Im Januar 1959 jedoch brannte das Haus ab. Alberts Sohn Herbert baute es wieder auf, ins ehemalige Lädele zog eine Apotheke. Das Lebensmittelgeschäft mit Haushaltswaren kam in den oberen Stock, den man ebenerdig vom Münster her betrat. 1981 übernahm die nächste Generation und modernisierte, aus der Edeka-Filiale wurde ein Feinkostgeschäft. Weitere Umbauten folgten und allmählich schälte sich das Bistrot aus dem Obst-, Gemüse- und Weinsortiment. Neben der gemütlichen Einkehr lässt Katharina sich abwechslungsreiche Veranstaltungen einfallen: Sekt-, Wein- und Ginproben, Musikabende und After-Work-Partys sind schon lange kein Geheimtipp mehr. Glück hat, wer noch eine Eintrittskarte ergattern kann. Zu den kulinarischen Abenden gehören Martinsgans und Valentinsmenü oder eine Krimilesung mit Verköstigung.
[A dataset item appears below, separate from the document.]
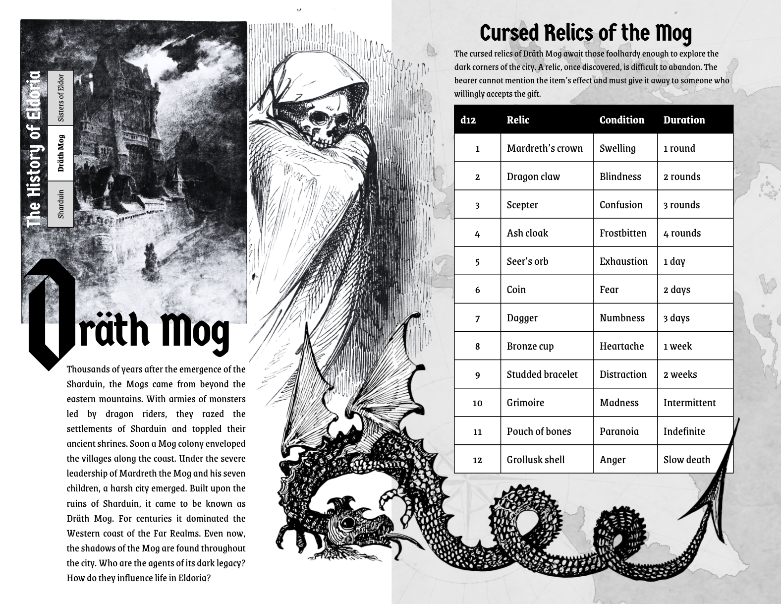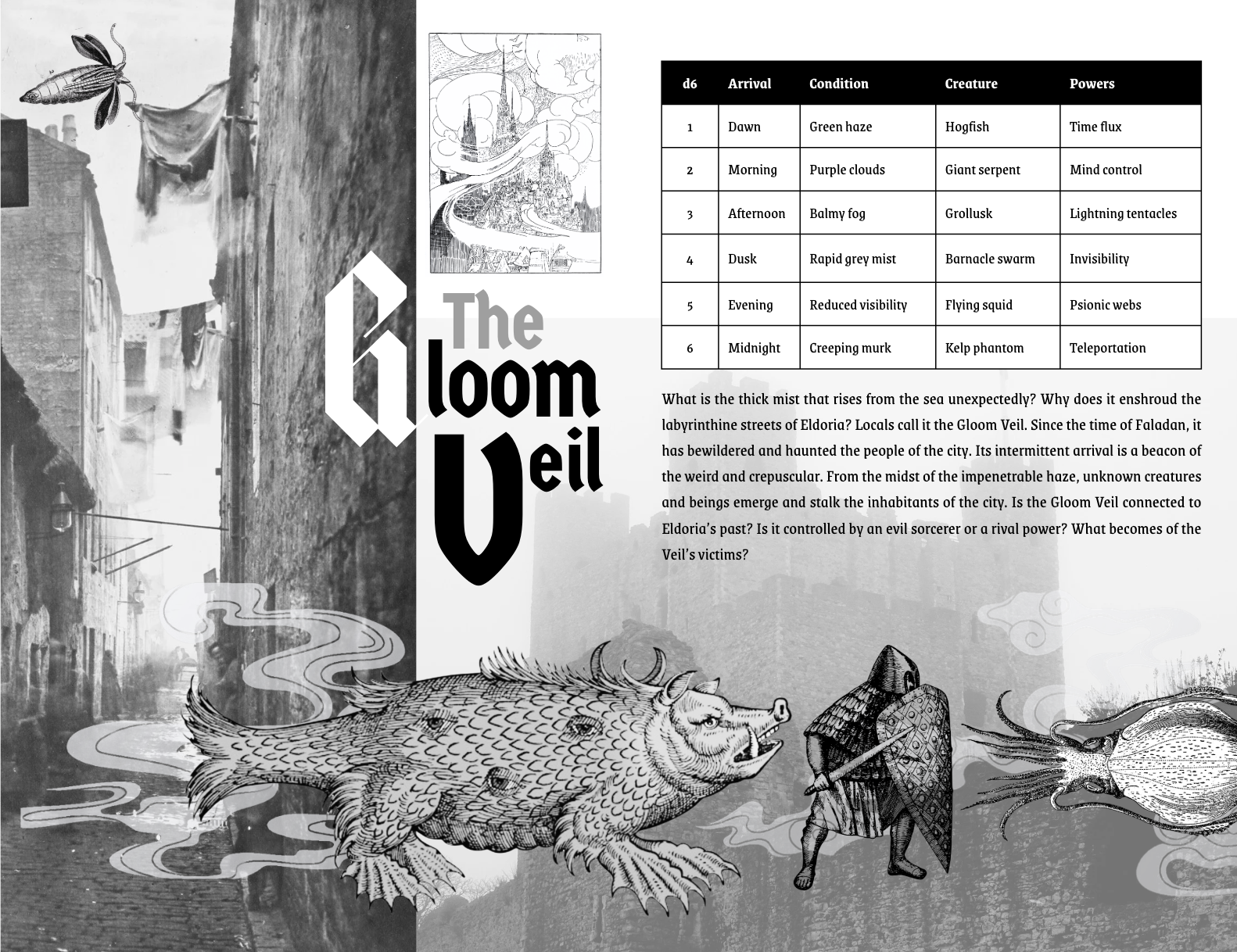 The Eldoriac, Vol. I invites you into an ancient metropolis alive with curious characters and hidden relics. Wander its winding streets and uncover the long-buried mysteries of the Sharduin. Seek out the secretive Gloam Fae silk weavers, or hunt for illicit arcana in the Misty Fell Market. Join a guild, place a wager, take on a risky job or spark a revolution. In Eldoria, unexpected adventure awaits!

Keine 200 Meter vom Bistrot entfernt, neben der Kirche den Berg hinunter, lädt der weitläufige Kurgarten zum Verweilen ein.
3
Villinger
feinekost/bistrot
Hauptstraße 6
Am Münsterplatz
79822 Titisee-Neustadt
07651 1401
www.feinkost-villinger.de
4 Unseren Helden
Titisee-Neustadt: Fullbergkreuz
Von Titisee her kommend, springt einem das Fullbergkreuz, Neustadts heimliches Wahrzeichen, vor allem nachts ins Auge. Es wirkt, als leuchte es den Heimkehrern den Weg.
Woran erinnert das Denkmal? Wer sich die Mühe macht, auf den Fullberg mit seinen 922 Metern zu steigen, wird nicht nur mit einem wunderbaren Blick über die Stadt belohnt, sondern findet die Lösung des Rätsels als Inschrift auf dem Sockel: »Unseren Helden draußen und daheim 1914–18«. Das Kreuz ist eines von zwei Kriegerdenkmälern der Stadt. Das zweite, ein Figurendenkmal vom Neustädter Bildhauer Heinrich Bauser gefertigt, steht auf dem alten Friedhof in der Stadtmitte gegenüber der Friedhofskapelle. Zehn Jahre nach dem Ende des Ersten Weltkriegs wurden die beiden Denkmäler erbaut und feierlich am selben Tag eingeweiht.
»’s Kritz«, wie es bei den Einheimischen genannt wird, ragt als Mahnmal über 15 Meter in den Himmel. Breitet seine Arme aus, als beschütze es die Stadt und deren Menschen, die ihm zu Füßen liegen. Es ist nur einen Katzensprung von der Jugendherberge entfernt und ein beliebter Ort, um stimmungsvolle Sonnenuntergänge zu erleben. Großen Zulauf erfährt das Kreuz außerdem am letzten Abend des Jahres. Vom Fullbergkreuz aus hat man den besten Überblick, will man Neustadt im Lichterregen der Silvesterraketen erstrahlen sehen.